Thesis 60: When we know God as it is our privilege to know Him, our lives will be lives of continual obedience.
A classic paragraph in the book The Desire of Ages sums up the question of obedience. It identifies genuine obedience; it tells us how genuine obedience can be obtained.
“All true obedience comes from the heart. It was heart work with Christ. And if we consent, He will so identify Himself with our thoughts and aims, so blend our hearts and minds into conformity to His will, that when obeying Him we shall be but carrying out our own impulses. The will, refined and sanctified, will find its highest delight in doing His service. When we know God as it is our privilege to know Him, our life will be a life of continual obedience. Through an appreciation of the character of Christ, through communion with God, sin will become hateful to us.” – Page 668.
Let’s go back and read it carefully, taking one sentence at a time.
“All true obedience comes from the heart.” If that is true, then all obedience that does not come from the heart is not true obedience, right? If we have to work hard to obey, going against our own desires and inclinations, then whatever we manage to produce is only morality, never obedience.
“It was heart work with Christ.” Christ is the greatest single example of righteousness by faith.
He came to this earth not only to die for us, but also to show us how to live. Revelation 3:21 gives the promise,
“To him that overcometh will I grant to sit with me in my throne, even as I also overcame, and am set down with my Father in his throne.”
We are invited to be overcomers in the same way in which Christ overcame.
“If we consent, He will so identify Himself with our though and aims, so blend our hearts and minds into conformity to His will, that when obeying Him we shall be but carrying out our own impulses.”
What is our part? To consent. What is His part? To change our hearts and minds and even our impulses, until we find ourselves doing His will naturally and spontaneously Do you like the sound of impulsive obedience? Would it be good news to you, when faced with a decision in your life, to discover that your first impulse was in harmony with the will of God? It’s available!
“The will, refined and sanctified, will find its highest delight in doing His service.” If the service of God was your highest delight, would you have to try hard to obey?

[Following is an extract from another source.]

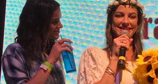 Ainda no palco, a noiva do evento, Luana Piovani, brincou com Bruna: “Do mesmo jeito que eu quis casar, essa quis descasar”.
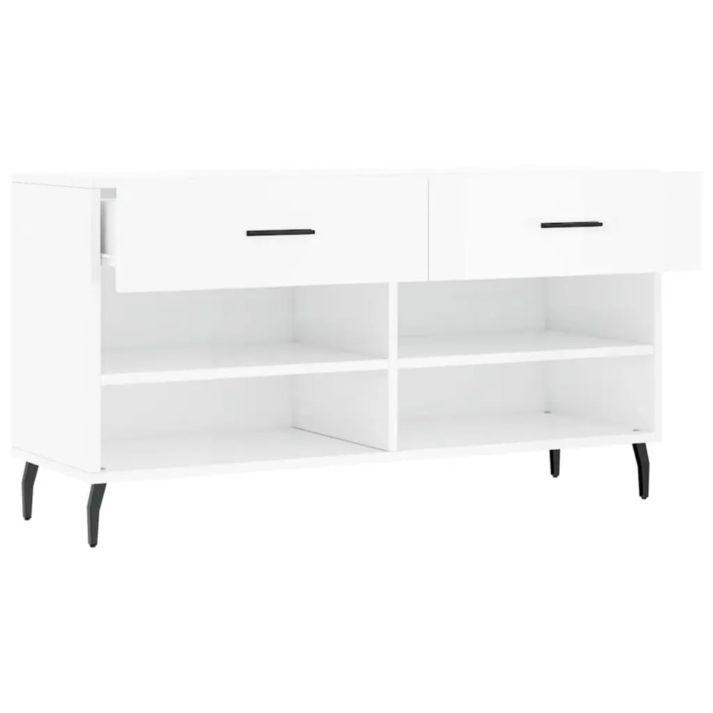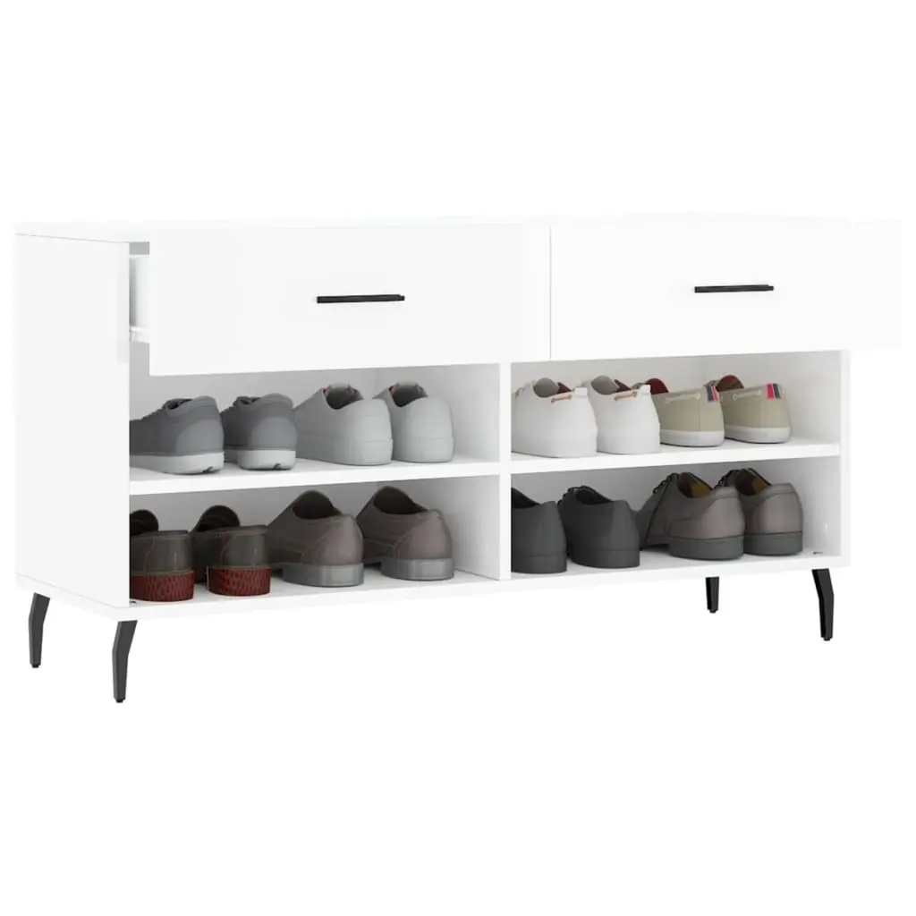 This shoe storage bench is not just a pretty face; it doubles as a comfy seat and a handy storage spot. It's spot-on for entryways or hallways, with its sleek high gloss white finish that looks fab while keeping your shoes in order and adding a modern twist to your pad. Loads of Storage: With four spacious shelves and two drawers, this bench gives you plenty of room to keep your shoes tidy and close at hand. Each shelf fits different shoe sizes, making it a must-have for anyone. Shiny Finish: The high-gloss white finish not only makes the bench look great but also ensures it's easy to clean. The smooth surface keeps dust and dirt at bay, making maintenance a piece of cake. Strong Build: Made of solid engineered wood with sturdy iron legs, this shoe bench is designed to last. It's built to handle everyday wear and tear, so it can support all sorts of footwear without wobbling. Multi-purpose: Perfect for entryways or living rooms, this bench gives you a comfy spot to sit and loads of storage, making it a great addition for any area needing some tidying up. Space-efficient: At 40.2 in long, 13.8 in wide, and 21.7 in high, this storage bench fits nicely in various spots, so it won't clutter your home while adding the functionality you need.

Would obedience be hard work? Or would it be–well, delightful!
Now comes the method, the explanation for how all of this can happen in our lives. “When we know God as it is our privilege to know Him, our life will be a life of continual obedience.”
Let me ask you, if you find that you are not experiencing continual obedience as yet, what is the problem? Do you need to try harder? Do you need to make more resolutions? Do you need to develop your will power? Or do you need to put forth greater effort to know God as it is your privilege to know Him?
And finally, “Through an appreciation of the character of Christ, through communion with God, sin will become hateful to us.” Do you find sin hateful? Or do you sometimes find sin attractive? If you find sin attractive instead of hateful, what is wrong? You have not yet gained a true appreciation of the character of Christ; you need to commune with God.
When we become acquainted with God, knowing Him as it is our privilege to know Him, obedience will he natural, spontaneous, and impulsive! As we place our deliberate effort toward communion with Him, obedience will be the inevitable result.